Researchers from Johns Hopkins University determined that immune responses to the tetanus vaccine were not changed when rituximab in combination with methotrexate (MTX) was compared with MTX alone in patients with rheumatoid arthritis (RA). Responses to a pneumococcal vaccination (Pneumovax« pneumonia vaccine), however, were reduced in RA patients with rituximab. Complete findings of this study are published in the January 2010 issue of Arthritis & Rheumatism, a journal of the American College of Rheumatology.
According to the Centers for Disease Control and Prevention (CDC), RA affects 1.3 million adults in the U.S. (2005). RA patients may be at an increased risk of infection because of impaired immune function due to the disease as well as from the use of immunsuppressive medications. As a result, vaccinations against infections are an essential part of rheumatic disease management. How immunosuppressive agents alter the effectiveness of vaccines in RA patients was the focus of the clinical trial led by Clifton O. Bingham III, M.D.
The controlled study enrolled 103 RA patients from 26 centers in the U.S. between January 2006 and December 2007. Patients treated with a stable dose (10-25 mg/week) of MTX were randomly allocated to two groups: placebo and treatment with rituximab (2 x 1000 mg given two weeks apart). Both groups were immunized with the tetanus and pneumococcal vaccines along with keyhole limpet hemocyanin (KLH) to evaluate humoral immunity and skin tested with Candida albicans to evaluate the cellular immune response.
Results indicate that 39.1% of patients in the rituximab+MTX group and 42.3% of MTX-only patients demonstrated a 4-fold rise in the anti-tetanus IgG titer. A 2-fold rise was confirmed in 54.7% of rituximab-treated patients and 61.5% of subjects on MTX alone. The research demonstrates that RA patients given a tetanus vaccine responded the same to tetanus vaccination regardless of whether they received MTX alone or rituximab in combination with MTX.
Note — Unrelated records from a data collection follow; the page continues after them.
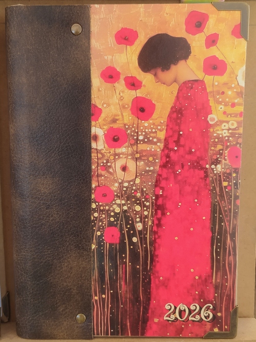 Ημερήσιο ημερολόγιο (σελίδα ανά ημέρα), με ετήσιο, εβδομαδιαίο και μηνιαίο πλάνο, εορτολόγιο και μικρό σημειωματάριο. Έχει χοντρό κραφτ εξώφυλλο, επενδυμένο με δερματίνη, εκτυπωμένες εικόνες και μεταλλικά πρόσθετα.
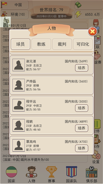 2、人物方面,比如说:球员、教练、裁判等,我们可以自由培养。
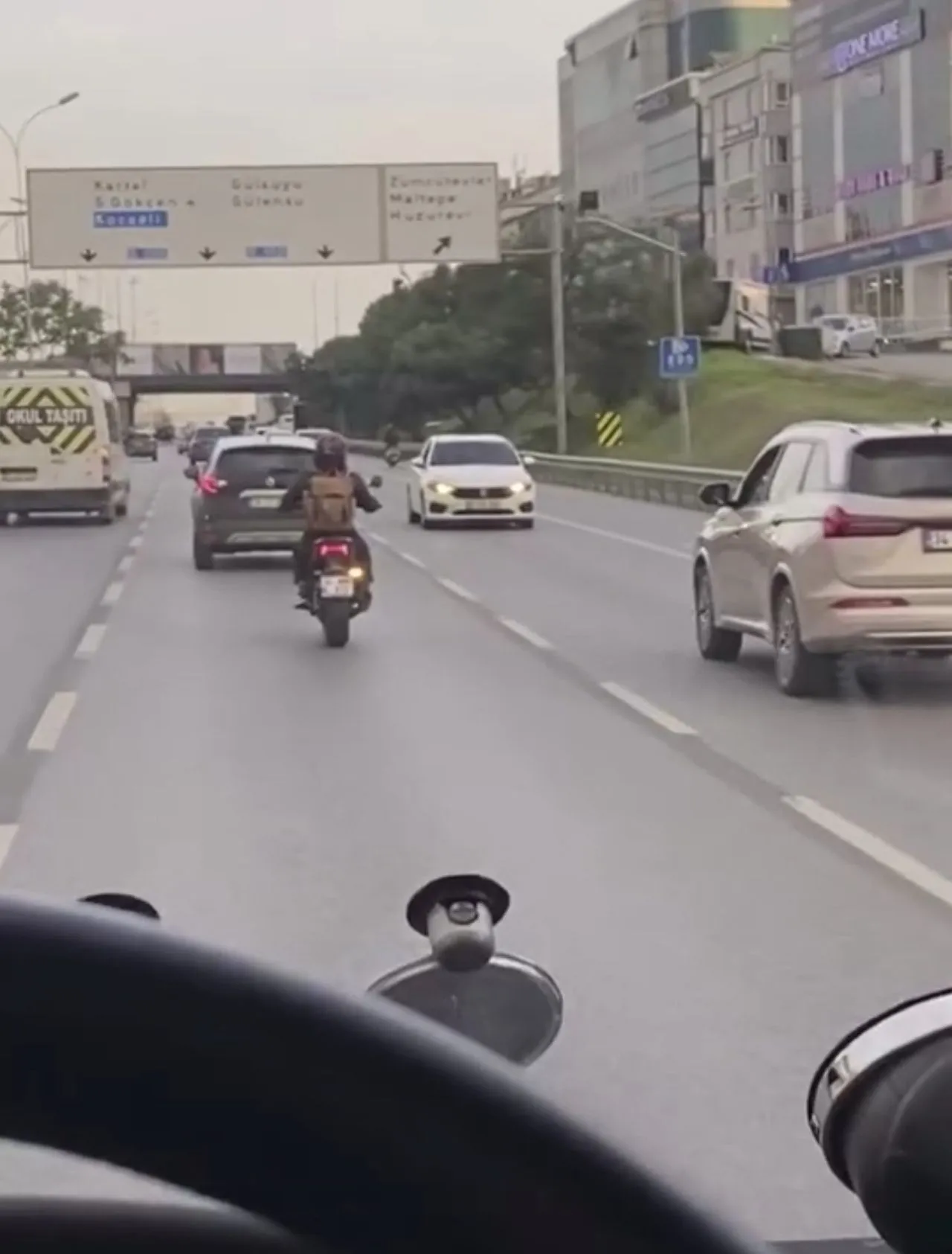 İstanbul Maltepe'de D-100 Karayolu'nda seyir halindeki bir otomobil geri geri ilerledi. Olay anı başka bir sürücü tarafından cep telefonuyla kaydedildi.

Patients treated only with MTX had a greater response to the pneumonia vaccine compared with those also receiving rituximab. Researchers found that only 57% of patients treated with rituximab had a response to one type of pneumococcal vaccine (Pneumovax«) compared with 82% of MTX-only patients.
The ability to maintain a positive delayed-type hypersensitivity (DTH) response to the Candida albicans skin test was comparable in both groups with 77.4% of rituximab-treated patients and 70% of MTX-only patients responding. "Our study, the first to examine DTH responses, confirmed that rituximab had no incremental effect on the patient's ability to mount a DTH response," said Dr. Bingham.
Treatment with rituximab produces a rapid depletion of B cells from the circulation, impacting the body's immune function. This depleted B cell pool begins to recover approximately 6-9 months after the initial treatment with rituximab. In his editorial also published in Arthritis & Rheumatism, E. William St. Clair, M.D. from Duke University Medical Center highlighted the need for further research into the effects of rituximab treatment.
"Further studies similar to Bingham et al are necessary to understand the complex effects of rituximab therapy on immune responses," noted Dr. St. Clair. "This study only evaluated immunization responses approximately 6 months after rituximab was administered; the responses at earlier time points, based on animal studies and its mechanism of action, may have been further attenuated," St. Clair added.